O testamento, tradicionalmente compreendido como instrumento de disposição patrimonial post mortem, tem ganhado relevo no cenário do direito empresarial contemporâneo, sobretudo como mecanismo de planejamento societário voltado à preservação e continuidade de empresas familiares e startups. Em um ambiente econômico marcado pela volatilidade e pela centralização da gestão em figuras fundadoras, o desafio da sucessão societária não se resume à partilha de bens, mas envolve a transição organizada de cotas e de poder decisória, fatores determinantes para a sobrevivência e a estabilidade do negócio.
Nas empresas familiares, o entrelaçamento entre patrimônio pessoal e estrutura empresarial tende a produzir vulnerabilidades no momento da sucessão. A ausência de instrumentos jurídicos adequados para reger a transferência de cotas e a substituição do administrador ou do sócio gestor frequentemente gera disputas entre herdeiros, fragmenta o capital social e compromete a governança. Neste contexto, o testamento assume papel estratégico, permitindo que o titular das participações societárias antecipe, de forma juridicamente válida, a destinação dessas cotas, a escolha de sucessores com perfil empresarial e a definição de parâmetros para o exercício do poder de controle e de voto.
A disposição testamentária pode contemplar não apenas a atribuição das cotas, mas também condições e encargos vinculados ao exercício da titularidade, tais como a obrigatoriedade de manutenção de acordos de sócios cláusulas de inalienabilidade temporária ou a exigência de adesão a um protocolo familiar que regule o comportamento dos herdeiros na esfera societária. Por meio dessas disposições, o testador assegura que a transição patrimonial se alinhe à continuidade da visão empresarial, evitando a pulverização do capital e a entrada de sócios sem afinidade com os objetivos estratégicos da empresa.
No tocante à transição de poderes, o testamento pode designar, expressamente, o herdeiro que assumirá a administração ou indicar pessoa de confiança para atuar como executor testamentário ou administrador provisório até a efetiva partilha. Essa prerrogativa confere estabilidade ao processo sucessório, evitando que a gestão da sociedade fique paralisada ou sujeita a conflitos de deliberação. Ademais, o testamento pode atuar de modo complementar a outros instrumentos, como acordos de quotistas, holdings familiares ou testamentos empresariais conjugados a protocolos de governança, compondo um sistema coeso de proteção e continuidade.
Nas startups, a função preventiva do testamento revela-se ainda mais sensível. O falecimento de um dos fundadores - muitas vezes detentor de tecnologia, know-how ou liderança estratégica - pode abalar a estrutura de controle e afetar a confiança de investidores.

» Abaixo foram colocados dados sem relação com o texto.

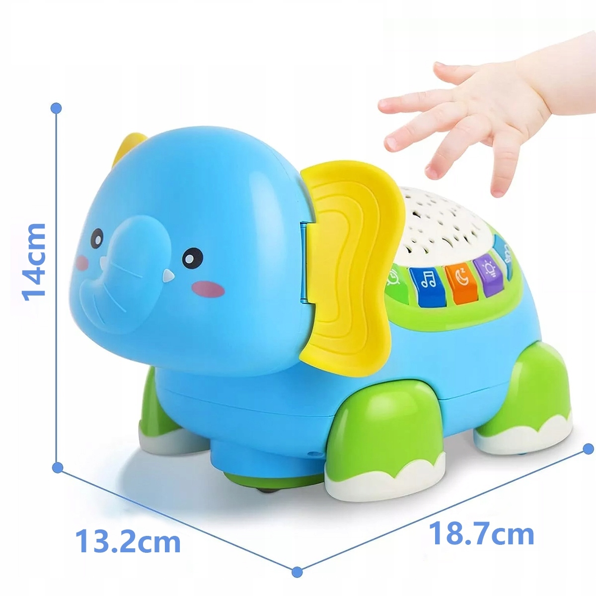 【Заохочуйте дитину повзати】 Коли ви натискаєте кнопку повзання, іграшка спочатку видає реалістичний звук слона, а потім слоник із тріпотливими вухами починає повзати з веселим звуком. музика. Світиться хвіст спонукає малюка повзати. Малюк намагатиметься зловити слоненя, сприяючи розвитку дрібної моторики та координації рук і очей.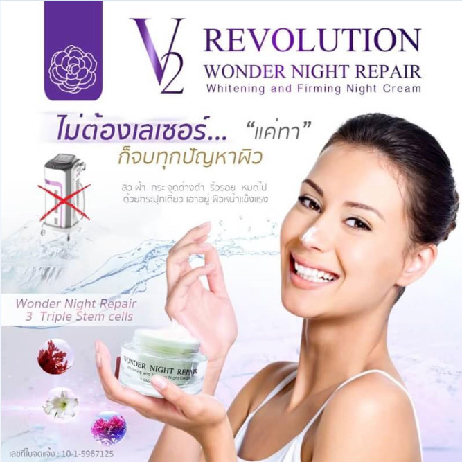 ครีม V2 Revolution Wonder Night Repair ครีมหน้าเด็ก ครีมวีทู สเต็มเซลล์ ครีมV2 ครีมหญิง รฐา เก็บเงินปลายทาง

O testamento, aliado a cláusulas contratuais e a mecanismos societários que condicionam a aquisição plena de cotas à permanência do sócio no negócio - como ocorre nos planos de consolidação progressiva de participação (vesting) - ou que garantem aos minoritários o direito de vender suas quotas nas mesmas condições ofertadas ao sócio majoritário, em caso de transferência do controle (tag along), permite antecipar a destinação das participações societárias e impedir a entrada de herdeiros sem vínculo técnico ou afinidade com o projeto empresarial.
Trata-se de medida de governança que não exclui o direito sucessório, mas o orienta à preservação do valor econômico e da identidade institucional da sociedade.

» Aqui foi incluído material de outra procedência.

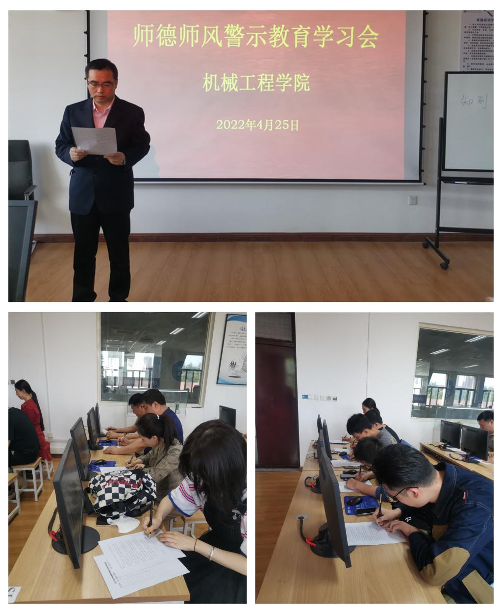 为进一步规范教师履职履责行为,持续强化教师思想政治和师德师风建设工作,认真落实《教育部关于建立健全高校师德建设长效机制的意见》《中共中央国务院关于全面深化新时代教师队伍建设改革的意见》《新时代高校教师职业行为十项准则》等文件精神,4月25日下午,机械工程学院党总支在精艺楼2005组织全体教师开展师德师风警示教育活动。会议由党总支书记苏宏志主持。

Do ponto de vista jurídico, o testamento encontra respaldo nos arts. 1.857 e seguintes do CC, que reconhecem ampla liberdade ao testador para dispor sobre a parte disponível de seus bens. No âmbito societário, essa faculdade se estende às cotas ou ações de sua titularidade, respeitados os limites legais e contratuais. A conjugação entre o direito sucessório e o societário permite que a vontade do testador produza efeitos jurídicos e empresariais integrados, consolidando o testamento como elemento de governança e não apenas de sucessão patrimonial.
Além da previsibilidade, o testamento oferece uma função pacificadora, reduzindo o potencial litigioso entre herdeiros e evitando que disputas judiciais comprometam a operação empresarial. A clareza das disposições testamentárias e a nomeação de um executor diligente contribuem para a preservação do negócio e a harmonia familiar, transformando a sucessão - tradicionalmente vista como momento de ruptura - em um processo de continuidade institucional planejada.

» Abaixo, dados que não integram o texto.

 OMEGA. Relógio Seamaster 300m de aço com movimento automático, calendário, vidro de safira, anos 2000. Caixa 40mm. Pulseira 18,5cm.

Em síntese, o uso do testamento como ferramenta de planejamento societário representa um avanço na cultura jurídica e empresarial brasileira. Ele projeta o direito sucessório para além da partilha de bens, conferindo-lhe função organizadora da governança e da sucessão de poder nas empresas. Ao alinhar a autonomia da vontade do empresário à função social da empresa, o testamento se converte em instrumento de responsabilidade intergeracional, assegurando que o legado empresarial ultrapasse a figura do fundador e se perpetue de forma estruturada, eficiente e juridicamente segura.